Ping John Masters and all the techies..........

[Roger Hill]

Continuing from the Marilyn Wallin thread:

QUOTE (Roger Hill @ Mar 27 2010, 07:28 PM)

I am not convinced of this, John. Each chain section hangs as it would if alone and suspended at the end-points, i.e. the tension is continuous. I don't think you will find a kink there. If so, it would be visible to the naked eye and it is not. Try it and see.

John Masters

There is no kink because the first derivative or slope is continuous. But is the second derivative continuous? I find that hard to believe if the sections suddenly change density.

Well, John, let me expose my thinking regarding catenaries and buckling and second derivatives. If there is an error in my thinking I am sure you and a dozen others will point it out. I am a big boy, I promise to neither stamp my feet nor cry if I am wrong.

First, lets consider a chain of length S, attached at the origin at one end and hanging from a second attachment point some distance away at height h. (We are assuming, of course, that s is greater than the distance from the origin.) The shape of the chain is given by

y = H/w(cosh wx/H – 1)

y’ = sinh w/Hx

where H is the horizontal component of the tension in the chain and w is the weight per unit length. If you follow the derivation given here:

http://mysite.du.edu/~jcalvert/math/catenary.htm

you find that

H = (w/8h)(S^2 - 4h^2)

And

y’ = sinh(wx/H)

Substituting for H gives

y’ = sinh(8hx/(S^2 – 4h^2)

independent of the weight per unit length of the chain, from which I conclude that y” is also independent of the weight per unit length of chain. (But I think we already knew that, all catenaries are created equal and their shape depends only on their length and vertical separation of the ends.)

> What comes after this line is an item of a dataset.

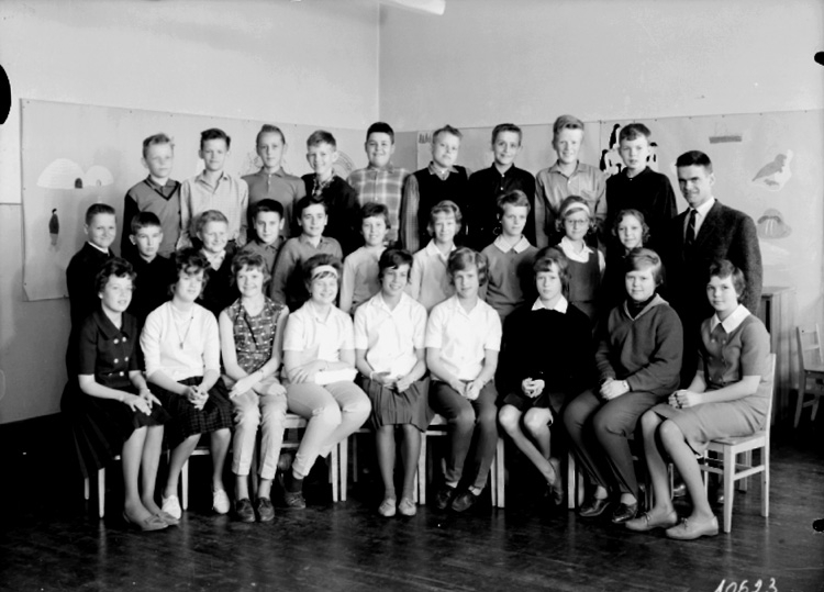 Olaus Petriskolan, klassrumsinteriör, 28 skolbarn med lärare Jan Axelsson.

Now, suppose we make an inhomogeneous catenary of kevlar thread of length Sk and and logging chain of length Sl. Attach the kevlar thread to the origin and attach the logging chain to an attachment point at some height h, less than Sl. The logging chain and the kevlar thread each assume catenary shapes which have their slopes continuous, essentially zero at the point of connection. Neither slope has any dependence on its weight/length, only on the vertical separation of it’s end points and length and the same is true of its second derivative. The catenary of the thread thinks that there is a near infinite amount of kevlar thread running outward in order to get the tension it experiences at the attachment point, while the logging chain thinks that it is attached to the origin directly. If we can find some Unobtainium thread, having zero weight/length and infinite E, the inhomogeneous catenary becomes simply the catenary of the chain, displaced to the right by the length of the Unobtainium thread. I just do not see how a discontinuity in the second derivative arises due to the property of all catenaries that the weight/length cancels out of the equations. Another way of saying this is to note that all the forces are proportional to the mass/length. Of greatest importance is the property of the catenary that it attempts to make all loading forces co-linear with the curve of the arch, thereby inhibiting the buckling. If the second derivative were discontinuous, this property would not obtain for the inhomogeneous catenary, but I just don’t see how that happens. Thus, I am still a proponent of the inhomogenous catenary for the long arch shape.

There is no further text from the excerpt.